1Kaymant sir i'm unable to find the values of a,b,c but is there any specific technique to do so?
also could you please post your method of finding the values of a,b,c
11fibonacci - ur answer is obviously wrong, as equality in A.M-G.M is when a=b=c, which is not possible here!
66The maximum value is \dfrac{1}{2}(13+\sqrt{5}) and the minimum value is \dfrac{1}{2}(13-\sqrt{5}). These are attained for infinitely many values of a,b,c. E.g. Take b=\dfrac{1}{2}(3+\sqrt{5})a and c=\dfrac{1}{2}(3-\sqrt{5})a for maximum; exchange b and c for minimum.

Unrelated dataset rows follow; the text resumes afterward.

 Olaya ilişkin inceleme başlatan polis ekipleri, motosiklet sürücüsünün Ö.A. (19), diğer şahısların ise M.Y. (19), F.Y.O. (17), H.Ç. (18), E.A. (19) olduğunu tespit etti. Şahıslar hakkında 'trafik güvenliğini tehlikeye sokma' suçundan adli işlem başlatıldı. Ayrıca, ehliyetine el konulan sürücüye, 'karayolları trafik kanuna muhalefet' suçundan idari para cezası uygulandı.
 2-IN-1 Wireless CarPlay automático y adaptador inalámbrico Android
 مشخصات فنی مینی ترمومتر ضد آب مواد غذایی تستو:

341I am curious as to the source of this problem. Is it that postal coaching stuff?
11No I saw this problem a few days back at mathlinks, but then lost its source - couldn't find it after last Tuesday!
341Hmm, its quite a difficult problem. Its proposed by a Vietnamese guy, so its more difficult than usual. I read the solution in his book and its quite a solution!

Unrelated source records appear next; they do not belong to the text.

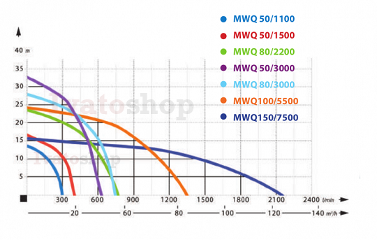 Séria ponorných čerpadiel na odpadové vody MWQ je určená na čerpanie surovej odpadovej vody z čerpacích staníc, kde môže byť prítomný hustý sediment. Čerpadlá sú vybavené špeciálnym vonkajším obežným kolesom (miešadlom) na miešanie a rozdeľovanie ťažkých sedimentov. obežné koleso, miešadlo je vyrobené z nehrdzavejúcej ocele a komora motora je utesnená dvojitým mechanickým tesniacim systémom SiC / SiC. Motor je 3-fázový, 2-pólový asynchrónny s vinutím motora s izoláciou triedy F. Čerpadlo je vybavené ložiskami NSK bez údržby.
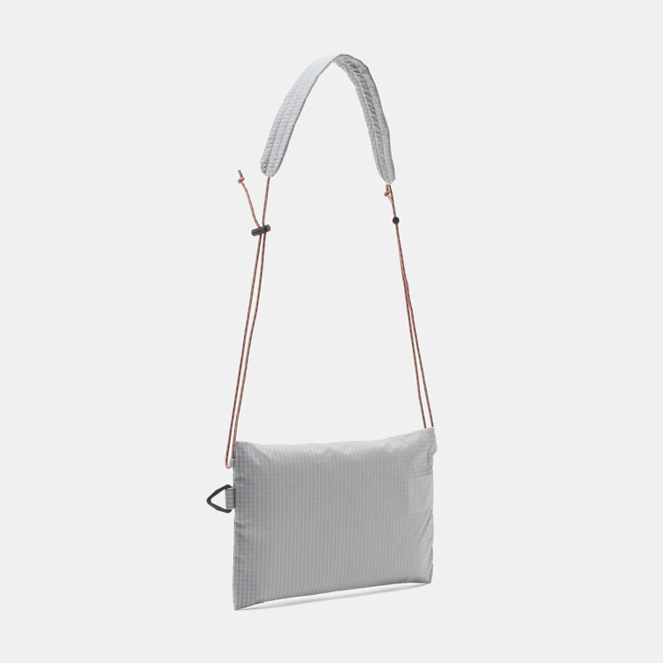 すっきりとしたフォルムに2つの小物ポケットが嬉しいサコッシュ。生地にはシリコン加工の軽量で高強度の撥水機能を搭載。フロントロゴはリフレクター仕様で夜間の視認性を向上させた作りになっています。またショルダーパッドにはクッションが入っている為、長時間の肩への負担を軽減する効果が備わった高性能なアイテムです。
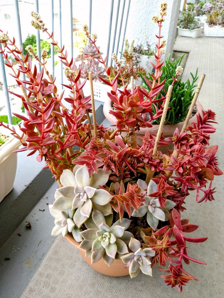 急に寒くなって赤みが増し、赤鬼城の花❀も咲いて、華やかさが出て良い感じ😆💕
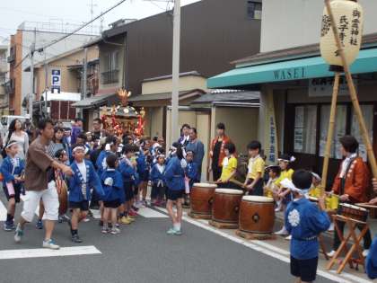 6日(土)に,御霊神社の子どもみこしが行われました。室町校の子ども達も多く参加し,元気におみこしを引っ張っていました。長い距離を引っ張って歩き,学校についたころには少し疲れた様子でしたが,休憩を取った後再び元気に出発していきました。はっぴ姿がかっこよかったです。
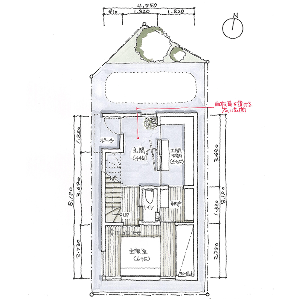 全国の建築家から間取りが集まるmadree(マドリー)で集まった32坪、3LDKの間取りです。外とつながるLDKや2階リビングが特徴の注文住宅の間取りです。

BTW, the thread is here: http://www.mathlinks.ro/viewtopic.php?search_id=1109338498&t=308229
1kaymant sir could you please tell the reason for chosing such values!!
66Well as far as I am concerned, I used the methods of Lagrange multipliers. Any body want that?
@theprophet
You have read the solution, could you verify the answer.
11Anant sir, I want that! I mean give ur soln....I don't know Langrange multipliers......PLS!!!